Courtesy of this new question by another OP, we find a simple family with a common form that relates this post with that question using, $$_2F_1\big(a,a;a+\tfrac12;z_1\big)\quad\text{and}\quad_2F_1\big(\tfrac12,a;1;z_2\big)$$ for $a=\frac13,\frac14,\frac16$. (Nemo has tackled the cases $a=\frac13$ and $a=\frac14$, and transformations can connect his results with the family below.)

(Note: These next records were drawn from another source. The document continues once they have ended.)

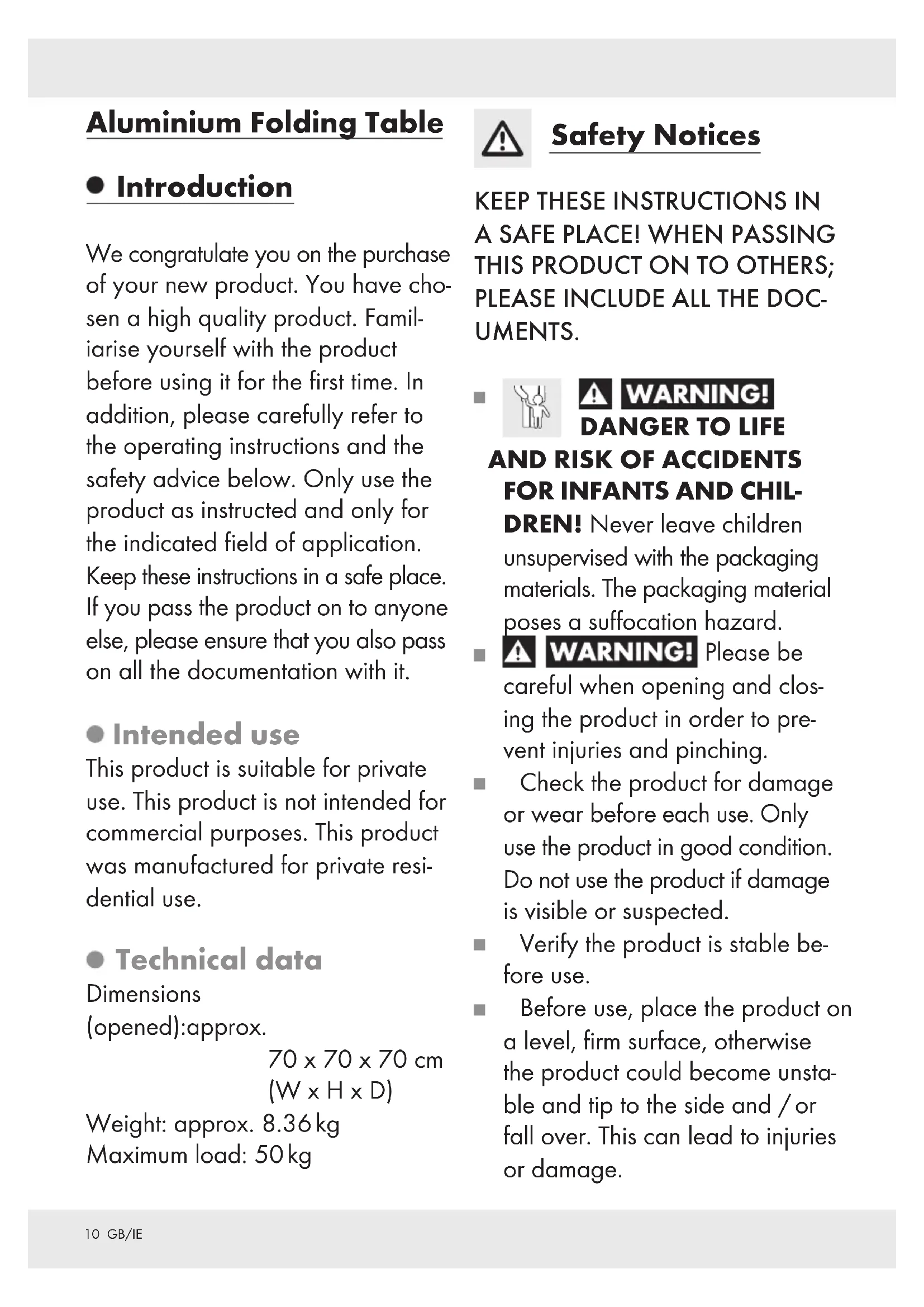 DREN! Never leave children unsupervised with the packaging materials. The packaging material poses a suffocation hazard. Please be careful when opening and clos- ing the product in order to pre- vent injuries and pinching. Check the product for damage or wear before each use. Only use the product in good condition. Do not use the product if damage is visible or suspected. Verify the product is stable be- fore use. Before use, place the product on a level, firm surface, otherwise the product could become unsta- ble and tip to the side and / or fall over. This can lead to injuries or damage.11 GB/IE 50 kg Observe the maximum load capacity of 50 kg. If the weight limit is exceeded, this can lead to product damage and / or injuries. Please ensure that persons, es- pecially children, do not stand on the product or pull themselves up on it. The product could fall over. Do not sit or stand on the product Keep your hands out of the fold- ing mechanism in order to avoid the risk of injury. Ensure that the folding function is correctly locked in place be- fore using the product. Ensure that the product has been fully opened before using it. This product is not a toy and should be used under adult su- pervision. The product is not a climbing frame or a toy! Secure the product in extreme weather, e.g. strong wind. Do not use the product close to a naked flame.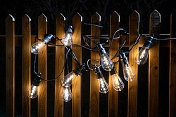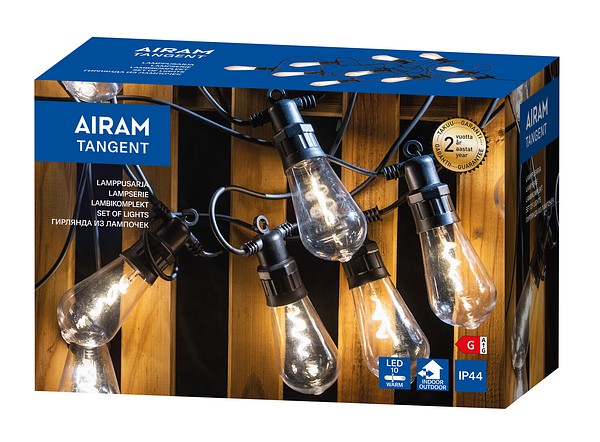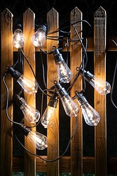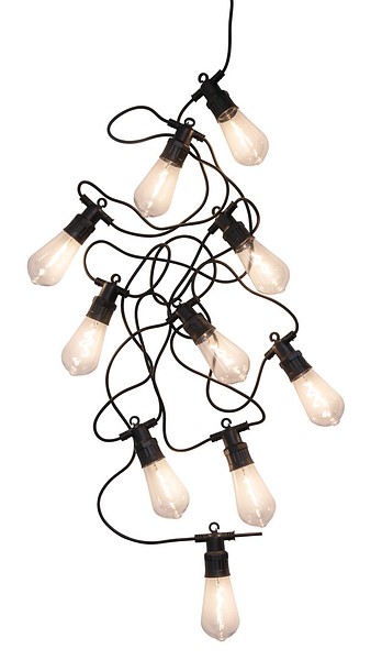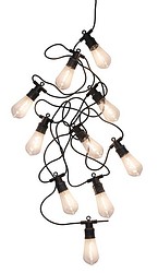 A set of ten highly effective LED lamps that is suitable for both indoor and outdoor use. The lamps feature clear Edison domes, with an impressive, coiled LED filament inside. Produces warm white light. Each lamp includes a handy hook for hanging. The lamps are spaced 50 cm apart, and the length of the light section is 4.5 meters. Black cord.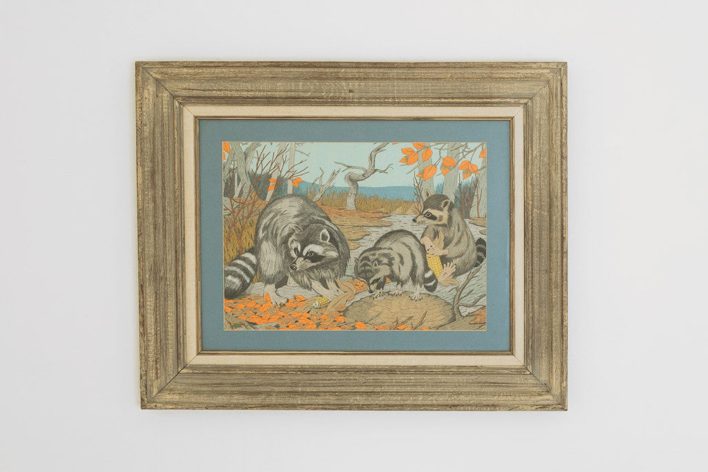 This vintage framed raccoon watercolor sketch has vibrant colors and is in good shape with age related wear. See pictures for detailed condition.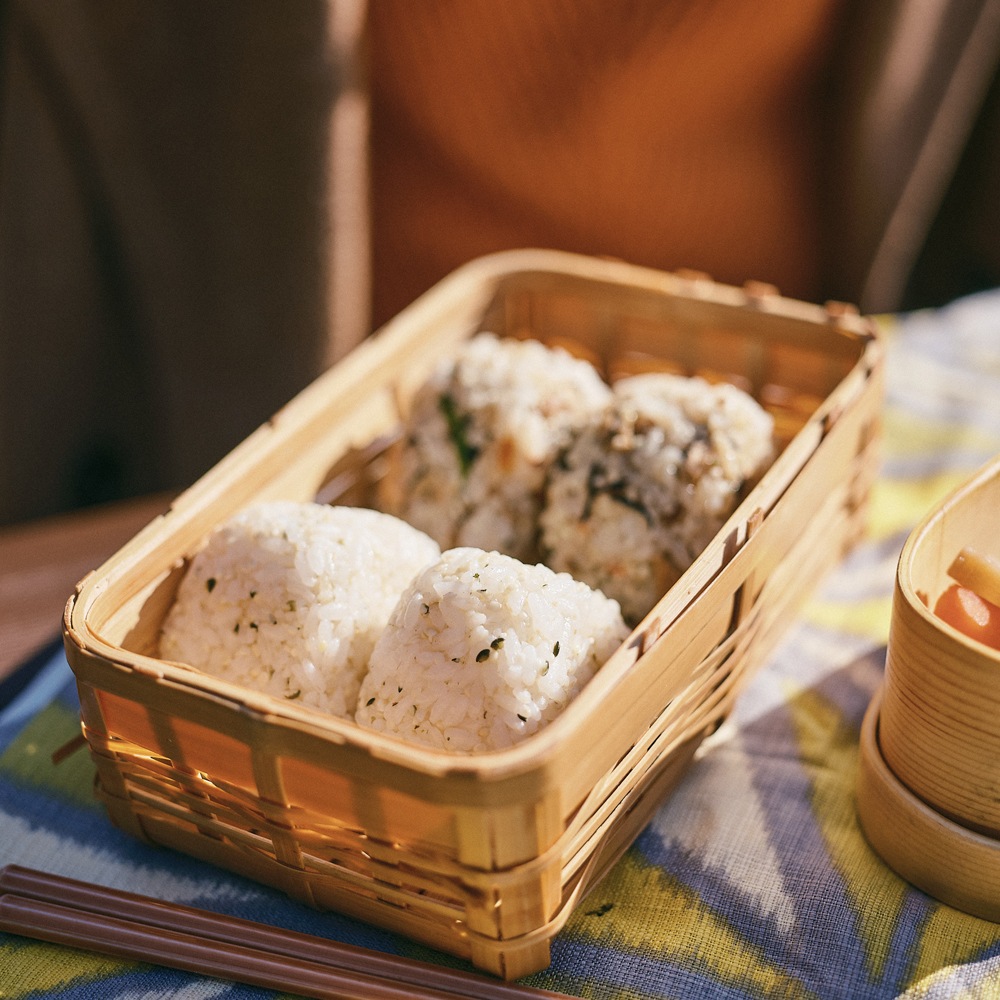 炊き上がったご飯に、ヘンシード約20g(大さじ2)、塩をよく混ぜてむすびます。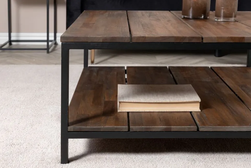 Soffbord i en vintage-look med sin toppskiva av limmad teak i vintage brunt utförande. Stomme av svart metall.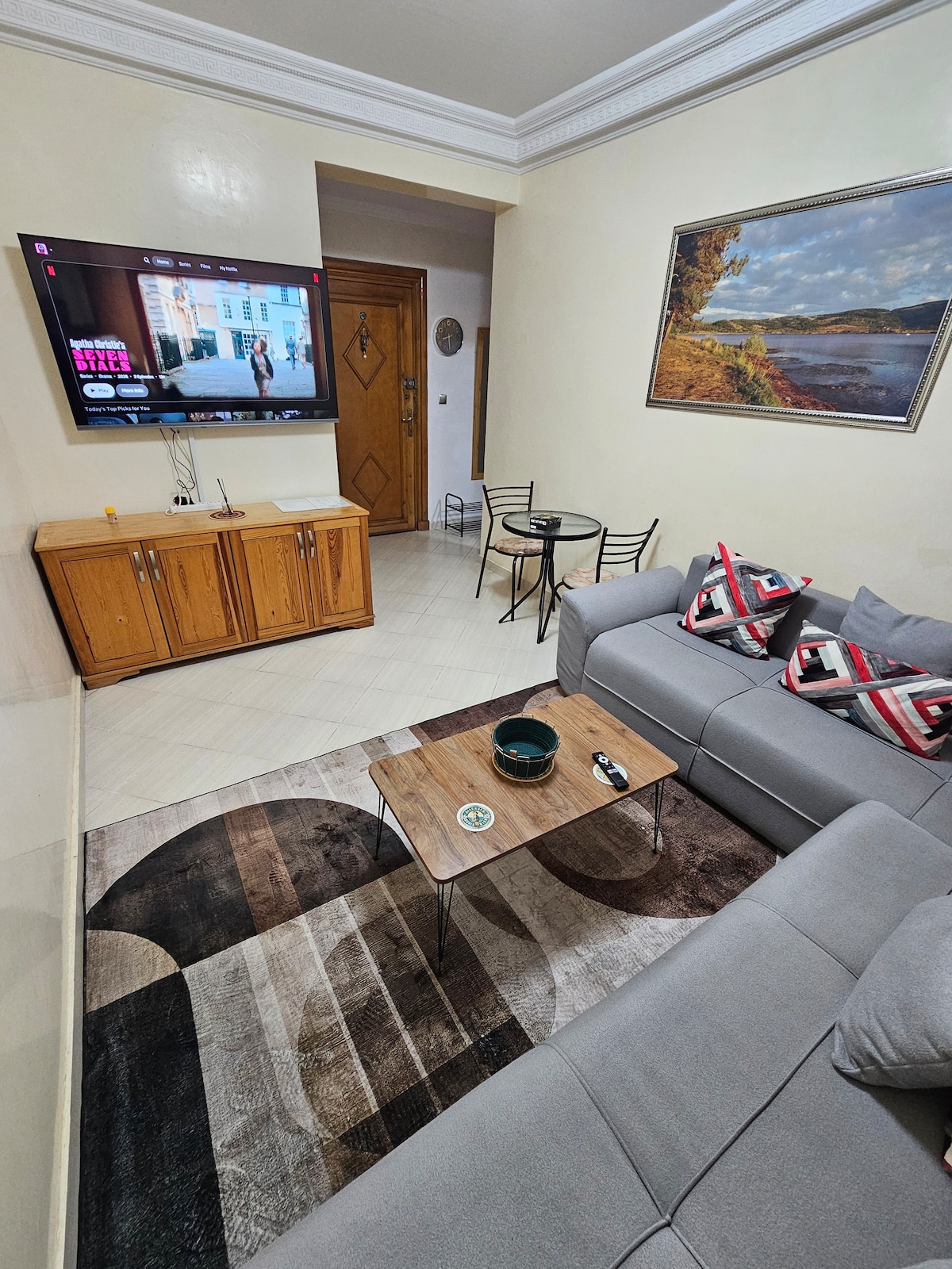 Odpočiň si v tomto útulném domově, jen pár kroků od pláže. Vítej ve svém domově daleko od domova! Tento stylový a lákavý byt se 2 ložnicemi je ideální pro tvůj příští pobyt. Nachází se v bezpečné rezidenci jen 5 minut chůze od krásné pláže Agadir. Nachází se v srdci rušné turistické oblasti, kde tě obklopí místní atrakce, obchody a lákavé restaurace.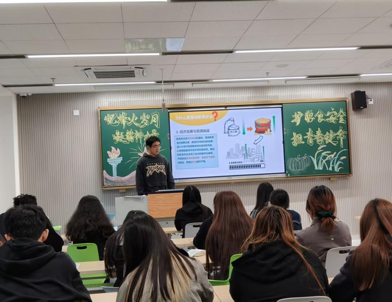 为深入学习贯彻国家粮食安全战略、弘扬校园节粮风尚,10月22日下午,24级教育技术学3班团支部在至善楼209教室举办“忆烽火岁月凝精神力量,护粮食安全担青春使命”主题团课。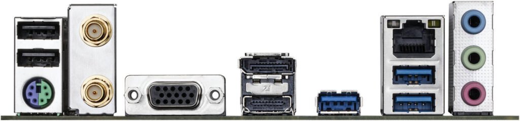 | Back Panel | 2× USB 2.0, 1× PS/2, 2× SMA antenna, 1× D-Sub*, 1× HDMI*, 1× DisplayPort*, 3× USB 3.2 Gen1, 1× RJ-45, 3× audio jacks (*support depends on CPU) |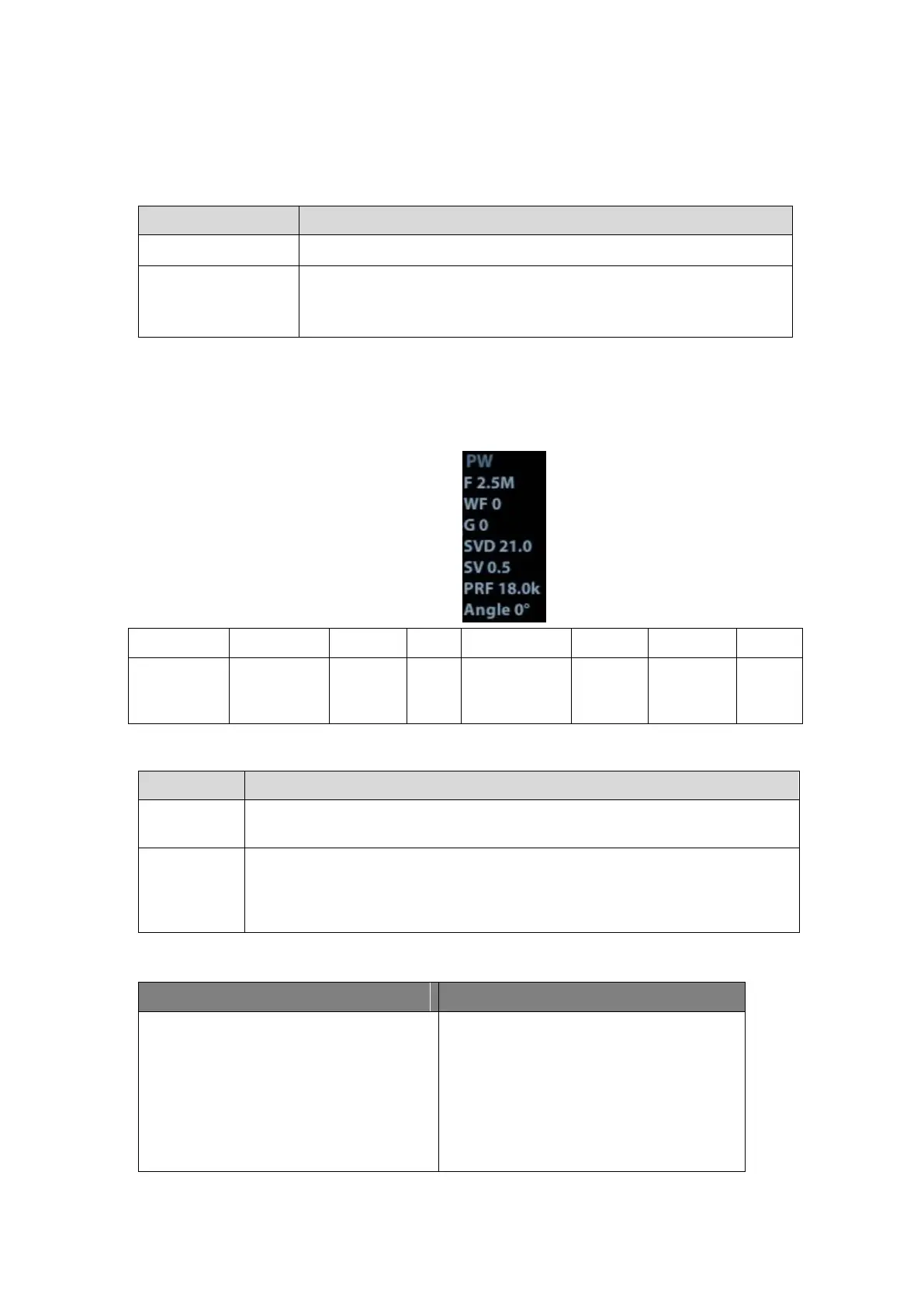 In PW Mode scanning, the image parameter area in the right corner of the screen

Note: The relations $(1),(2),(3)$ hold for real $N>1$, but each side is the same algebraic number for integer $N>1$.

I. $a=\frac13$

$$_2F_1\big(\tfrac13,\tfrac13;\tfrac56;-\alpha\big) = \frac{1+N}{4\sqrt[4]{27}\,(1+\alpha)^{1/3}}\frac{_2F_1\big(\tfrac12,\tfrac13;1;\tfrac1{1+\alpha})}{\pi^{-1}\,K(k_3)}\tag1$$ where, $$\alpha =\alpha(\tau)= \frac1{4\sqrt{27}}\big(\lambda^3-\sqrt{27}\lambda^{-3}\big)^2,\quad\lambda =\frac{\eta\big(\frac{\tau+1}3\big)}{\eta(\tau)},\quad \tau=\frac{1+N\sqrt{-3}}2$$

II. $a=\frac14$

$$_2F_1\big(\tfrac14,\tfrac14;\tfrac34;-\beta\big) = \frac{1+N}{4\sqrt[4]{4}\,(1+\beta)^{1/4}}\frac{_2F_1\big(\tfrac12,\tfrac14;1;\tfrac1{1+\beta})}{\pi^{-1}\,K(k_1)}\tag2$$ where, $$\beta=\beta(\tau)= \frac1{4\sqrt{64}}\big(\mu^6-\sqrt{64}\mu^{-6}\big)^2,\quad\mu=\frac{\sqrt2\,\eta\big(2\tau\big)}{e^{2\pi i /48}\,\eta(\tau)},\quad \tau=\frac{1+N\sqrt{-1}}2$$

III. $a=\frac16$

$$_2F_1\big(\tfrac16,\tfrac16;\tfrac23;-\gamma\big) = \frac{1+N}{4\sqrt[4]{3}\,(1+\gamma)^{1/6}}\frac{_2F_1\big(\tfrac12,\tfrac16;1;\tfrac1{1+\gamma})}{\pi^{-1}\,K(k_3)}\tag3$$ where, $$\gamma=\gamma(\tau)=\frac{-72+\sqrt{3}\sqrt{1728-j(\tau)}}{144},\quad \tau=\frac{1+N\sqrt{-3}}2$$ with j-function $j(\tau)$.

IV. Integrals

These $\alpha,\beta,\gamma$ also imply, $$\int_0^{\infty}\frac1{\sqrt[3]{1+2\alpha+\cosh x}}dx=\frac{1+N}{\sqrt3}\,\int_0^{\pi/2}\frac1{\sqrt[3]{2\alpha+2\sin^2 x}}dx$$

$$\int_0^{\infty}\frac1{\sqrt[4]{1+2\beta+\cosh x}}dx=\big(1+N\big)\,\int_0^{\pi/2}\frac1{\sqrt[4]{2\beta+2\sin^2 x}}dx$$

$$\int_0^{\infty}\frac1{\sqrt[6]{1+2\gamma+\cosh x}}dx=1728^{1/6}\,\frac{1+N}{2}\,\int_0^{\pi/2}\frac1{\sqrt[6]{2\gamma+2\sin^2 x}}dx$$

using $\tau$ as defined per section.

P.S. This family with $a+\tfrac12=b+\tfrac12=c$ joins this second family with $a+b=c=\frac12$ as being two $_2F_1$ functions related in a simple way by eta quotients and $K(k_n)$. Are there any more?